> Requirement
Although the data below contains pictures, please reproduce only its words, exactly.

> Given material
════════════════════

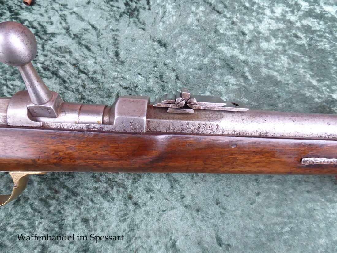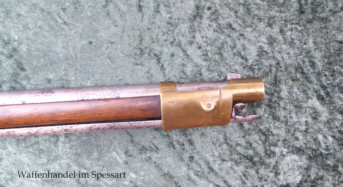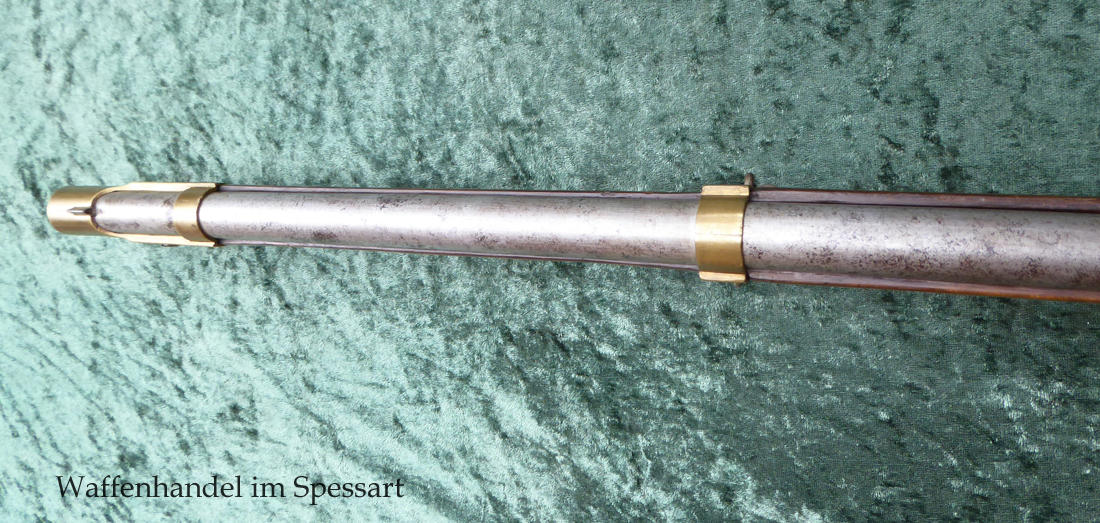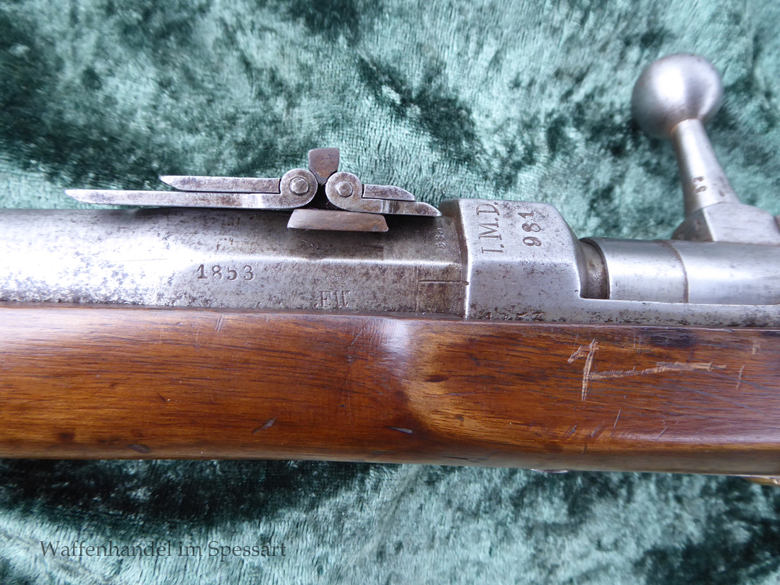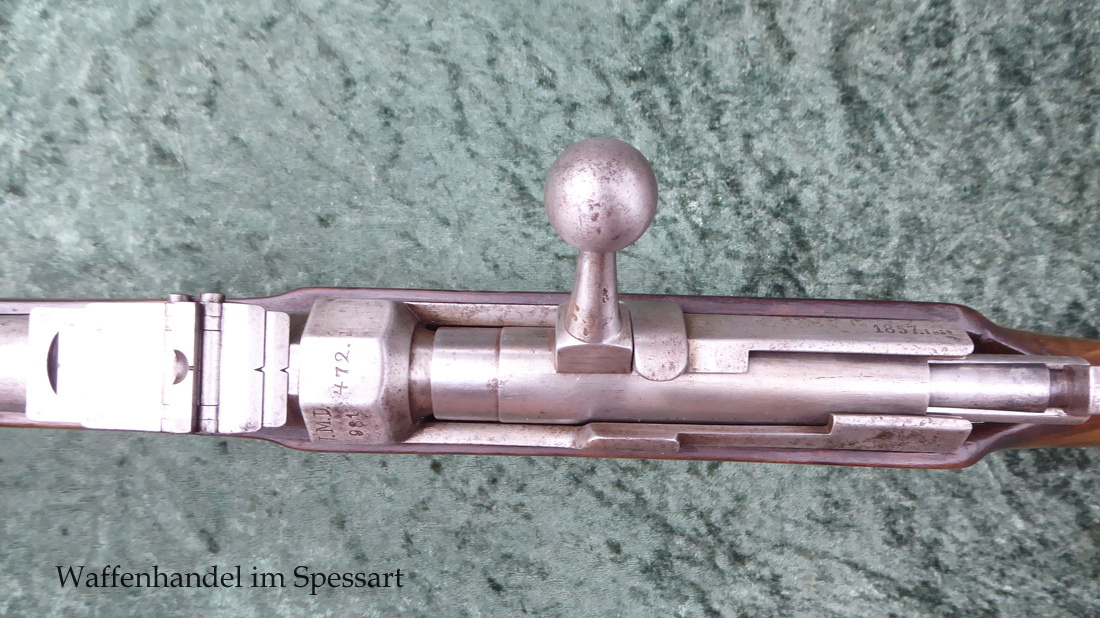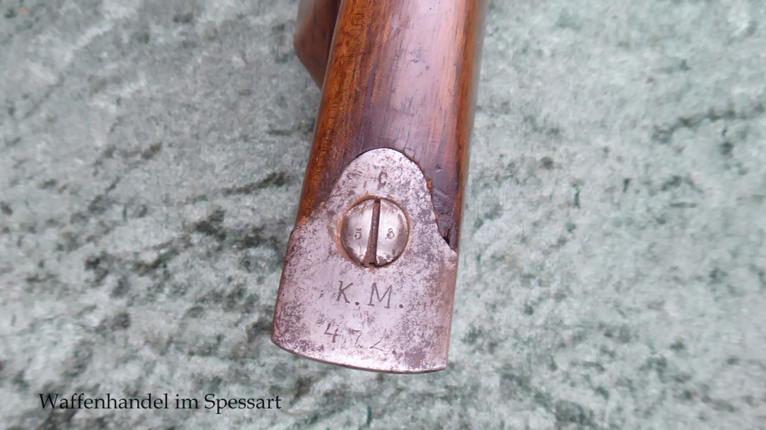 Hersteller Gewehrfabrik Spandau. Kal.15,4, Ser.Nr. 1853. Nummerngleich in allen Teilen. Baujahr 1857, Ausgabe 1859. Scharfkantiges gutes fast blankes Laufinnere (geringe Anhaftungen im Mündungsberich). Die Stahlteile haben sehr viel Patina, geringe Fugroststellen. Das Visier hat eine Standkimme und vier Klappen. Links am Hülsenkopf Truppenstempel I.M.D. 981 (1.Matrosendivision Waffe 981. Standort Kiel). Auf dem Hülsenkopf oben 472 und auf der Kolbenplatte KM 472. Gute und noch deutliche Abnahmestempel im Schaft inkl. KM für Königliche Marine. Das Herstellerzeichen Adler über Spandau ist noch sehr "dünn" erhalten (abgegriffen). Strammes gut schließendes Schloß.
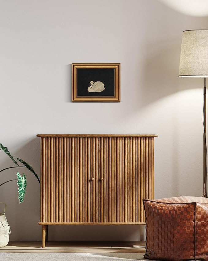 HUARCEY Gold Framed Vintage Wall Art for Living Room, Grace Swan Art Painting Pictures Rustic Animal Bathroom Prints Farmhouse Wall Decor Mother's Day Gifts for Mom Canvas Swan Shelf Decor for Bedroom
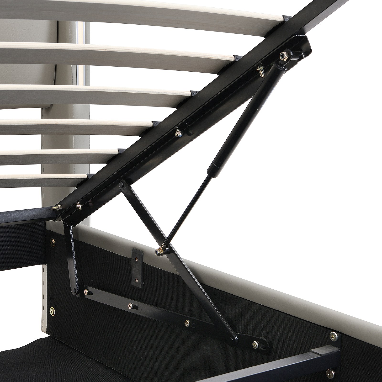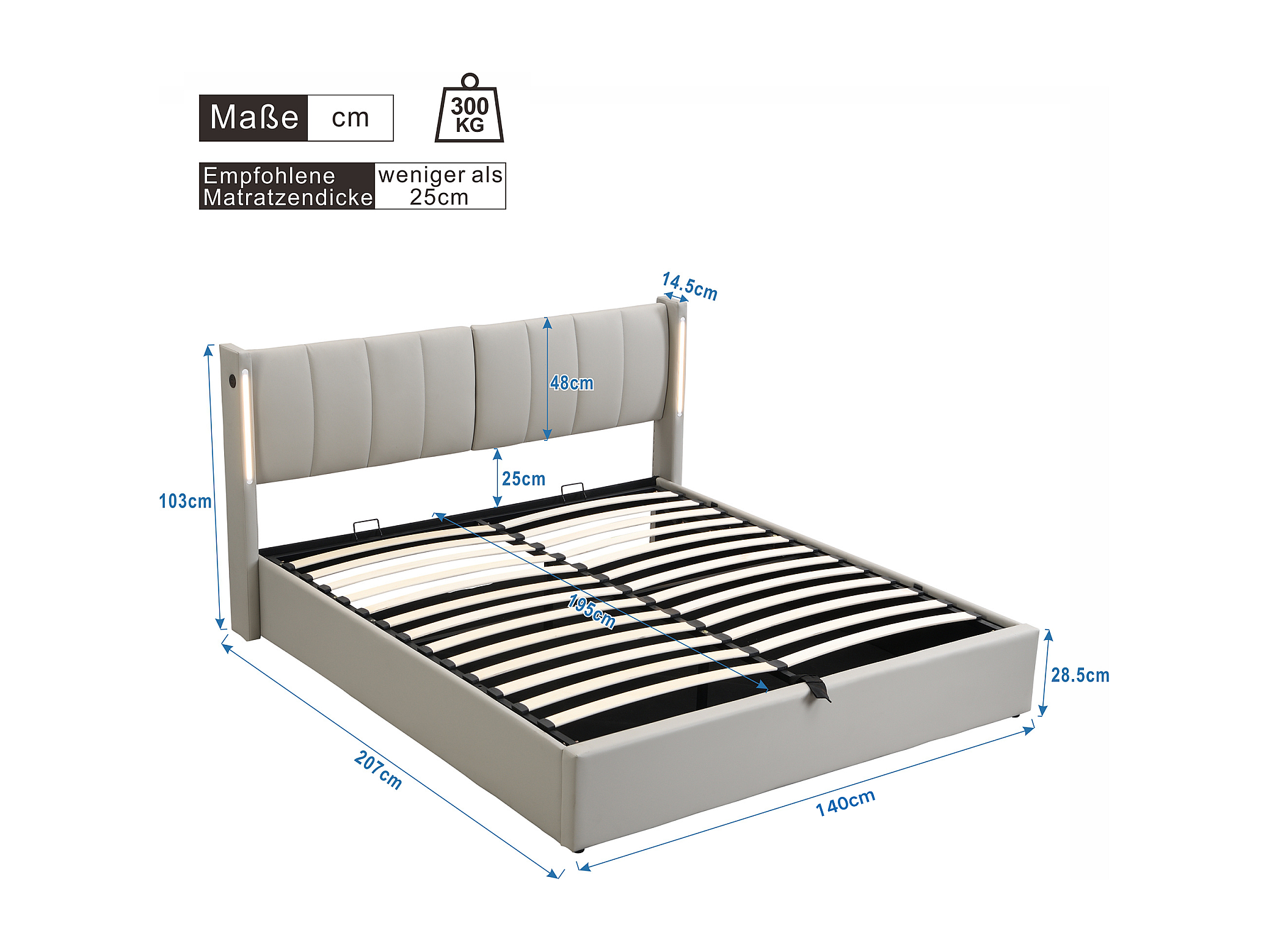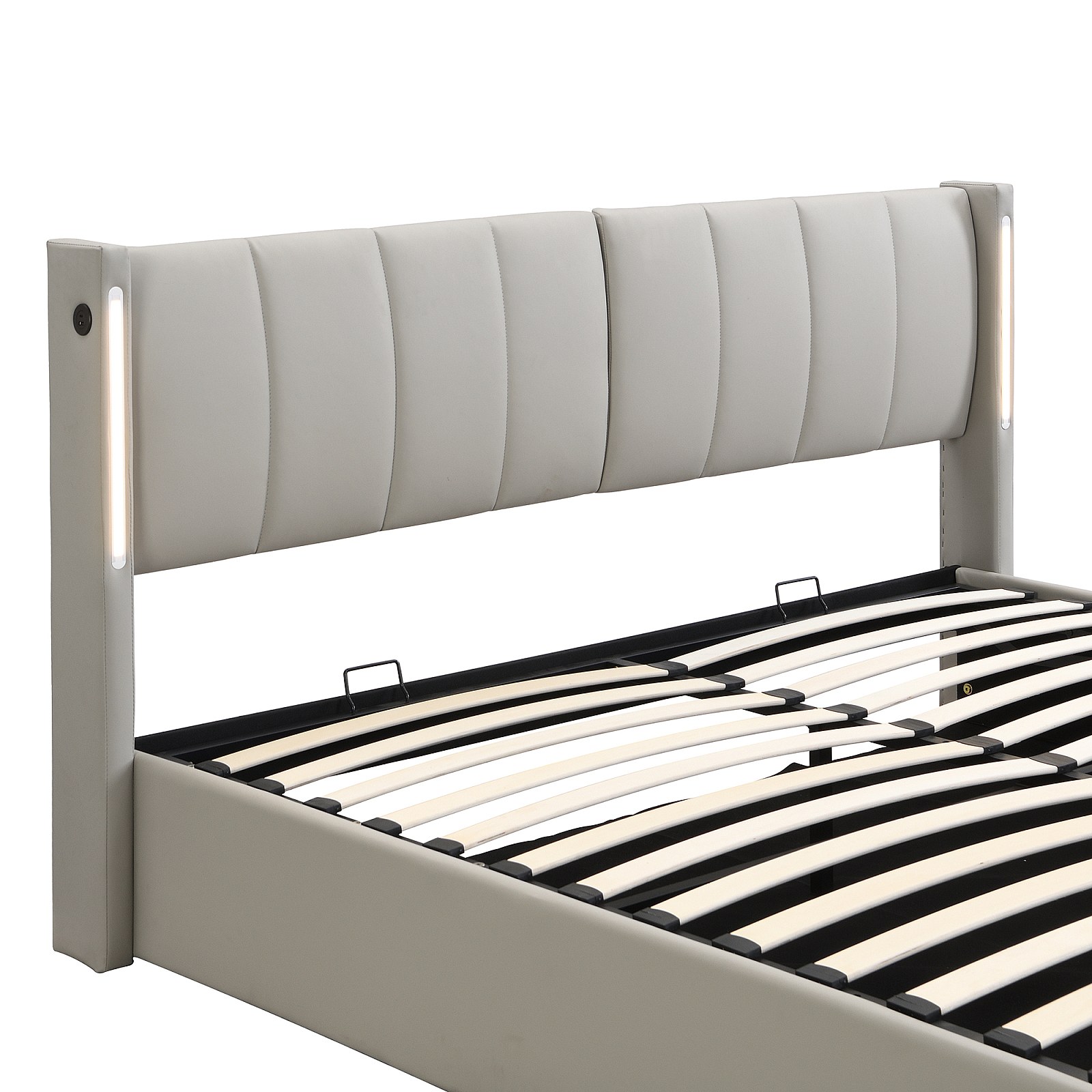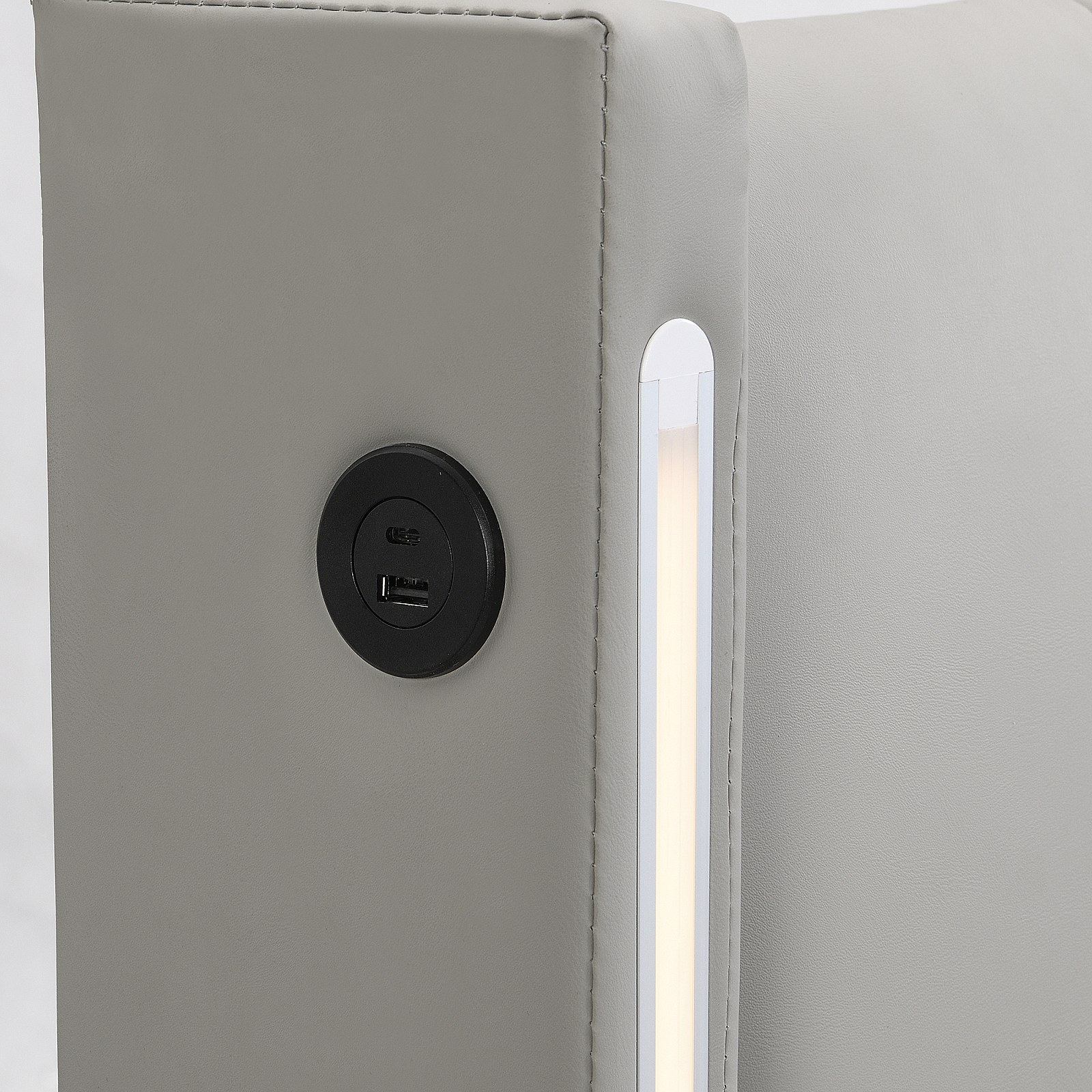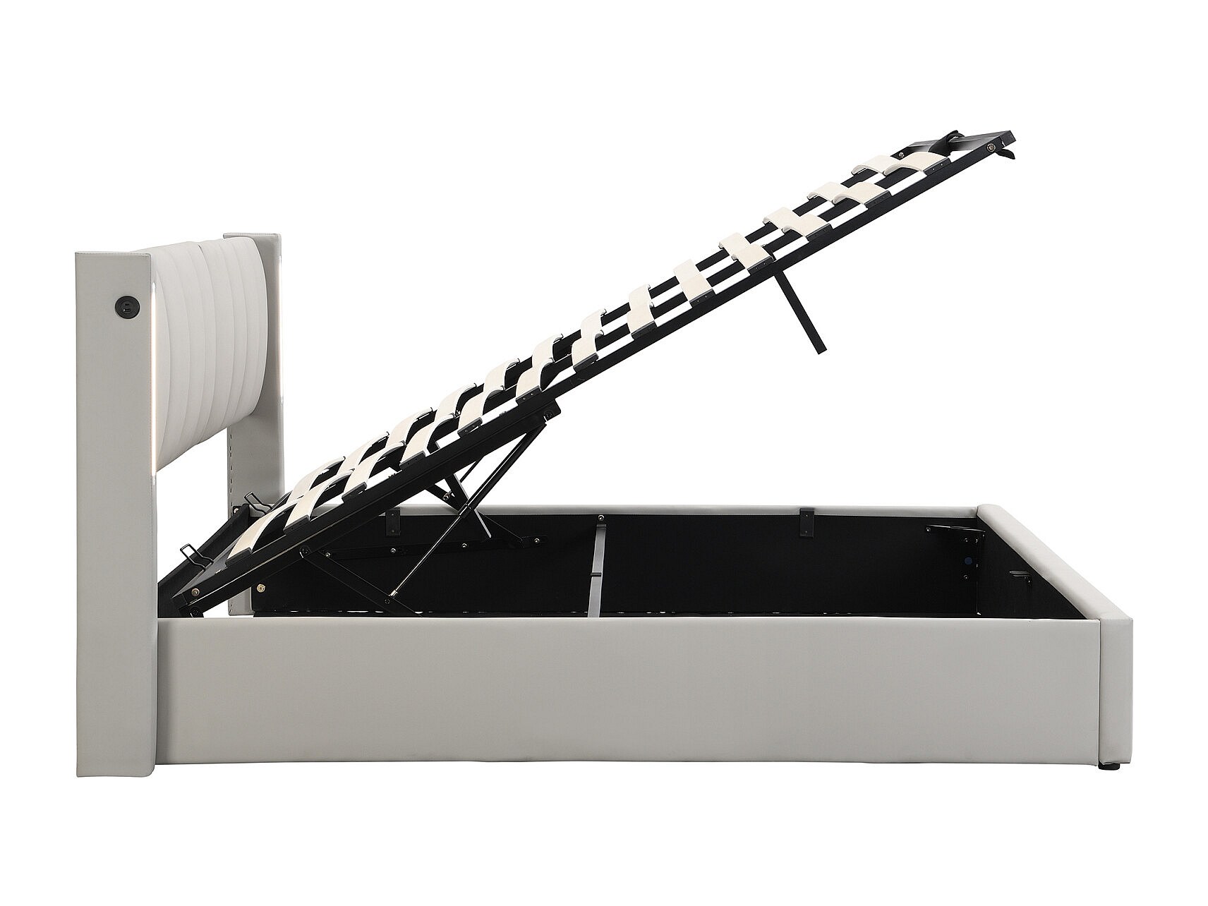 Cama de arrumação com cama binaural, estofada em PU, com estrado de ripas e cabeceira ajustável LED e porta USB, Cinzento 140x200cm

════════════════════

> Task response
 Hersteller Gewehrfabrik Spandau. Kal.15,4, Ser.Nr. 1853. Nummerngleich in allen Teilen. Baujahr 1857, Ausgabe 1859. Scharfkantiges gutes fast blankes Laufinnere (geringe Anhaftungen im Mündungsberich). Die Stahlteile haben sehr viel Patina, geringe Fugroststellen. Das Visier hat eine Standkimme und vier Klappen. Links am Hülsenkopf Truppenstempel I.M.D. 981 (1.Matrosendivision Waffe 981. Standort Kiel). Auf dem Hülsenkopf oben 472 und auf der Kolbenplatte KM 472. Gute und noch deutliche Abnahmestempel im Schaft inkl. KM für Königliche Marine. Das Herstellerzeichen Adler über Spandau ist noch sehr "dünn" erhalten (abgegriffen). Strammes gut schließendes Schloß.
 HUARCEY Gold Framed Vintage Wall Art for Living Room, Grace Swan Art Painting Pictures Rustic Animal Bathroom Prints Farmhouse Wall Decor Mother's Day Gifts for Mom Canvas Swan Shelf Decor for Bedroom
 Cama de arrumação com cama binaural, estofada em PU, com estrado de ripas e cabeceira ajustável LED e porta USB, Cinzento 140x200cm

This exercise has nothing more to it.